**Source data**.
□ □ □ □ □
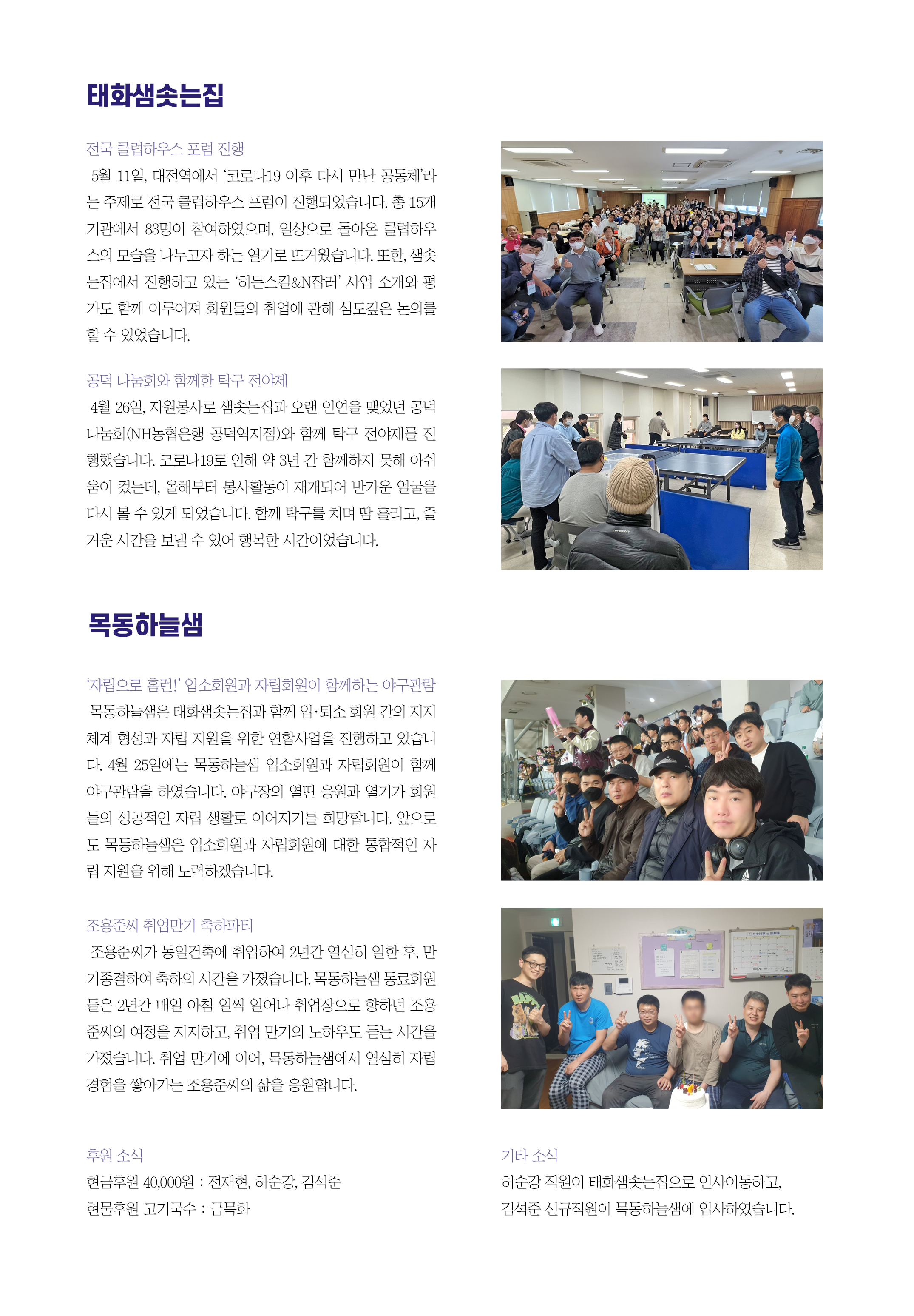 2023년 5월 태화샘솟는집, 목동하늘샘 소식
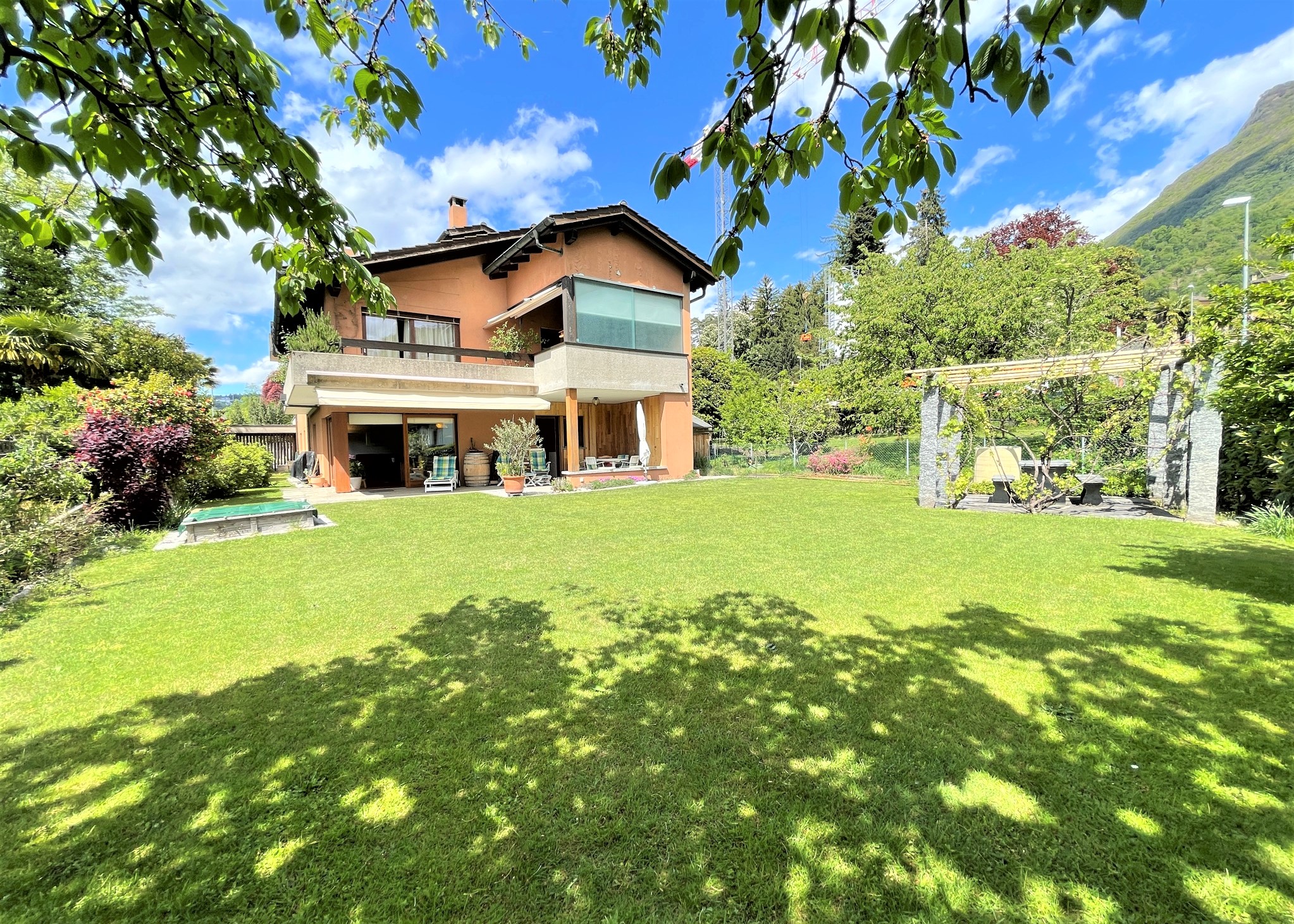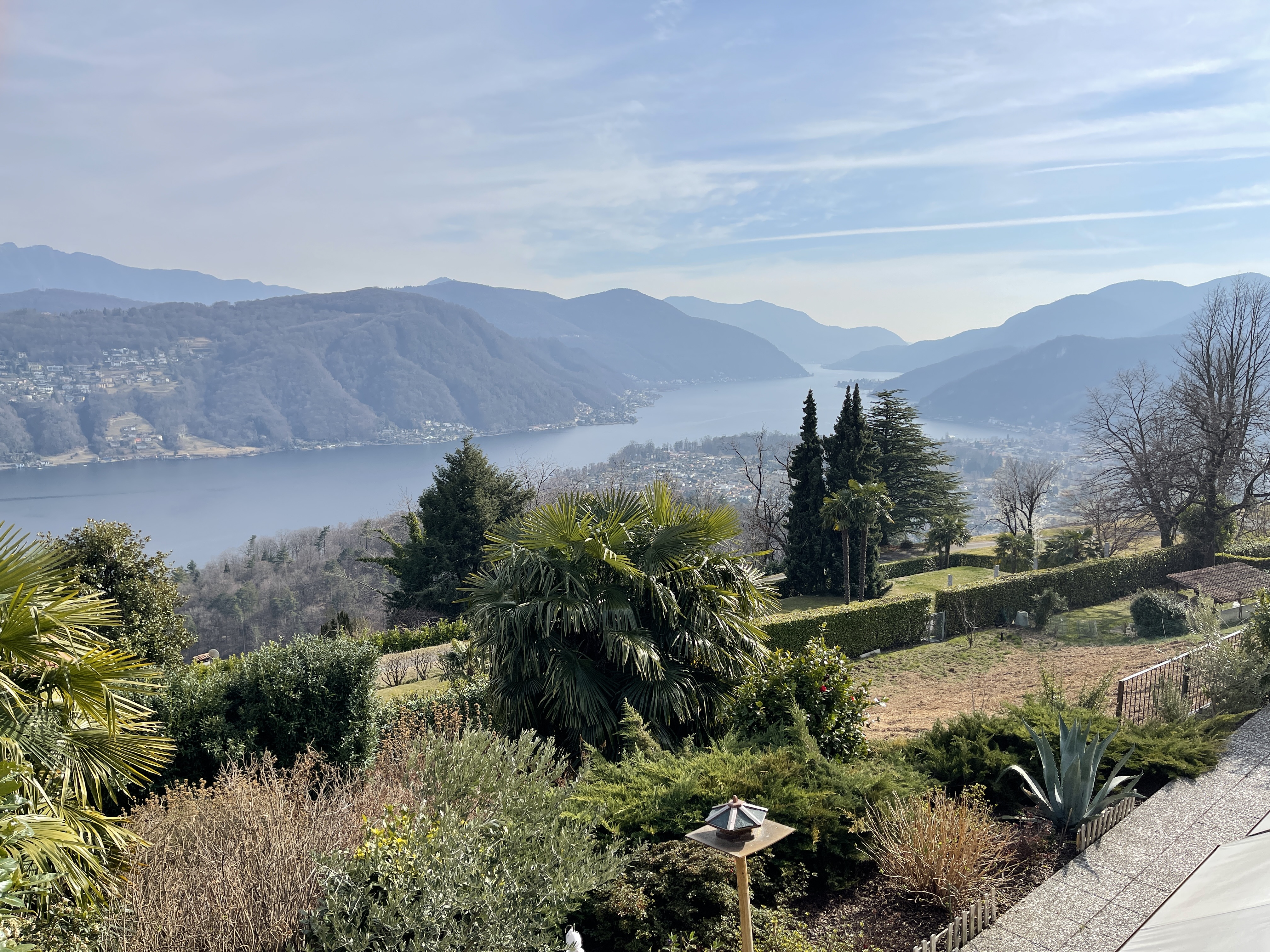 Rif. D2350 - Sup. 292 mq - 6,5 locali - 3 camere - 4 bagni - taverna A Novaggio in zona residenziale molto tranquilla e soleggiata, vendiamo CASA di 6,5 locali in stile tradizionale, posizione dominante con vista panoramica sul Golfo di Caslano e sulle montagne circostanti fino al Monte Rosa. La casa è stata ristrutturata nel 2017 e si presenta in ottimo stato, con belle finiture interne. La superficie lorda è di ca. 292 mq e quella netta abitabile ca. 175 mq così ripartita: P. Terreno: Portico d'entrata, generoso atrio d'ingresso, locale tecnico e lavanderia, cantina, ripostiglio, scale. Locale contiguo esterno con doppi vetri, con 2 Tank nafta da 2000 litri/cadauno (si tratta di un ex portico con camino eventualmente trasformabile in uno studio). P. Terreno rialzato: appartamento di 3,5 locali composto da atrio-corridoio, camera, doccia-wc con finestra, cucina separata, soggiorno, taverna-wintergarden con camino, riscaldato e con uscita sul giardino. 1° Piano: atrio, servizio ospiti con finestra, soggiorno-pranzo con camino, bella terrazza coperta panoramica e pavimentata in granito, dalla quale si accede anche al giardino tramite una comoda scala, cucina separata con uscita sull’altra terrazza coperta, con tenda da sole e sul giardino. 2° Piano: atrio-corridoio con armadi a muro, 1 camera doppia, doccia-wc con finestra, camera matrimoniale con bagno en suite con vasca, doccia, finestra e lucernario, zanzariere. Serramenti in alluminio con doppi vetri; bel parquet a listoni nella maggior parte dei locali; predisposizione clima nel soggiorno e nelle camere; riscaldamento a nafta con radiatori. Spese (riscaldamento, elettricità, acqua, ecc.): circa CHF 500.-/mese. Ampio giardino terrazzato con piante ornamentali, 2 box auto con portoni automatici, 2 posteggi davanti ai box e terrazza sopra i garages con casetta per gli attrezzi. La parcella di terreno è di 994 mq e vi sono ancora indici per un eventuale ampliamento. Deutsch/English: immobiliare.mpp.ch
□ □ □ □ □
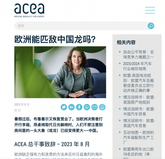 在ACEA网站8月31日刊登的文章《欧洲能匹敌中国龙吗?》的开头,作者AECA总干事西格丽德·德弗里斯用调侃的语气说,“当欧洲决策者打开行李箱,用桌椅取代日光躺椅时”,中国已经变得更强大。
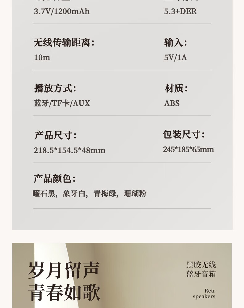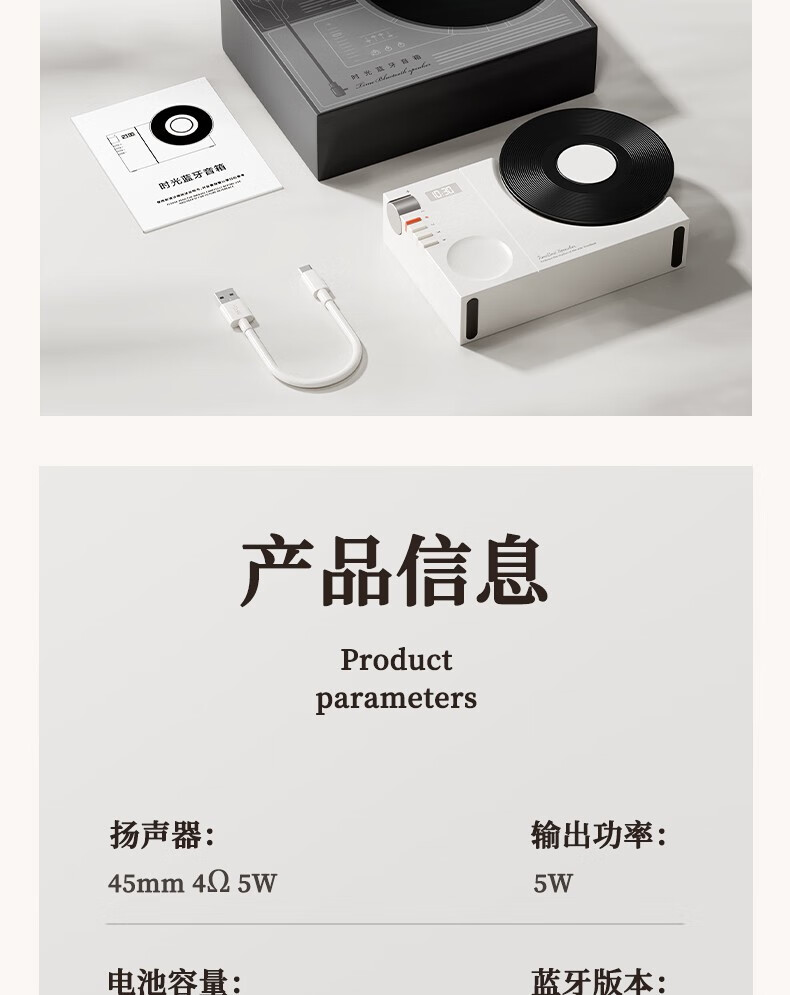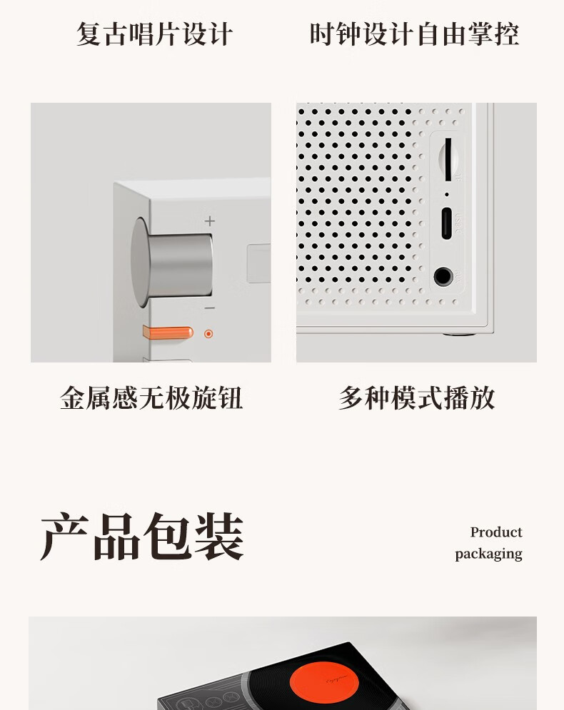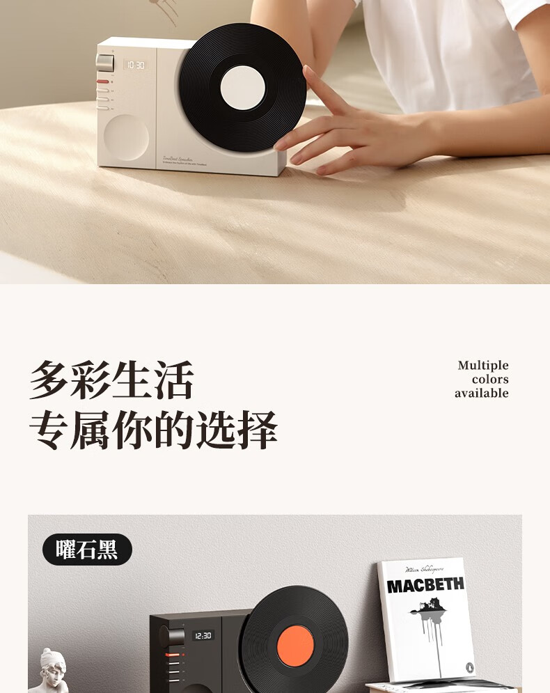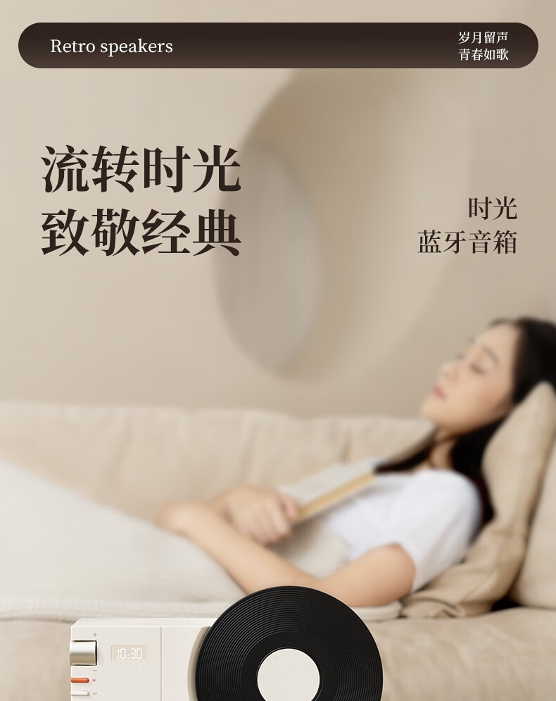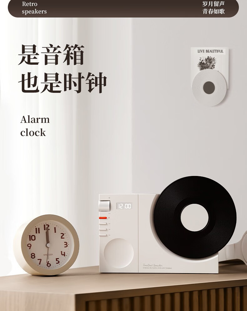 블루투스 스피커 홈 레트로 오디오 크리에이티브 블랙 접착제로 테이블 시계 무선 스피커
□ □ □ □ □
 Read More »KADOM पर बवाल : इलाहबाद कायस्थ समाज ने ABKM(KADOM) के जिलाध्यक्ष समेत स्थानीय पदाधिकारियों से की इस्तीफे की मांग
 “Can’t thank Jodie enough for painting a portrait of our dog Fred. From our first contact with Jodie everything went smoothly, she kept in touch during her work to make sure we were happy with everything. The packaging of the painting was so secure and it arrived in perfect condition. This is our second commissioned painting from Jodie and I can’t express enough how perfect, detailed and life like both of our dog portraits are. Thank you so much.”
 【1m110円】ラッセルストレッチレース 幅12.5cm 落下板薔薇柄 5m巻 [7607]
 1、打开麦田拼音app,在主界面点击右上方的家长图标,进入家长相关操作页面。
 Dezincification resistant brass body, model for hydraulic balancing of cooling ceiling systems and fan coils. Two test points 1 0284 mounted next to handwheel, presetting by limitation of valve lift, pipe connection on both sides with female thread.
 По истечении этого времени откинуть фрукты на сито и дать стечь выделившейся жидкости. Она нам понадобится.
□ □ □ □ □
The expected output is every line from the material above where "both" can be found.

 “Can’t thank Jodie enough for painting a portrait of our dog Fred. From our first contact with Jodie everything went smoothly, she kept in touch during her work to make sure we were happy with everything. The packaging of the painting was so secure and it arrived in perfect condition. This is our second commissioned painting from Jodie and I can’t express enough how perfect, detailed and life like both of our dog portraits are. Thank you so much.”
 Dezincification resistant brass body, model for hydraulic balancing of cooling ceiling systems and fan coils. Two test points 1 0284 mounted next to handwheel, presetting by limitation of valve lift, pipe connection on both sides with female thread.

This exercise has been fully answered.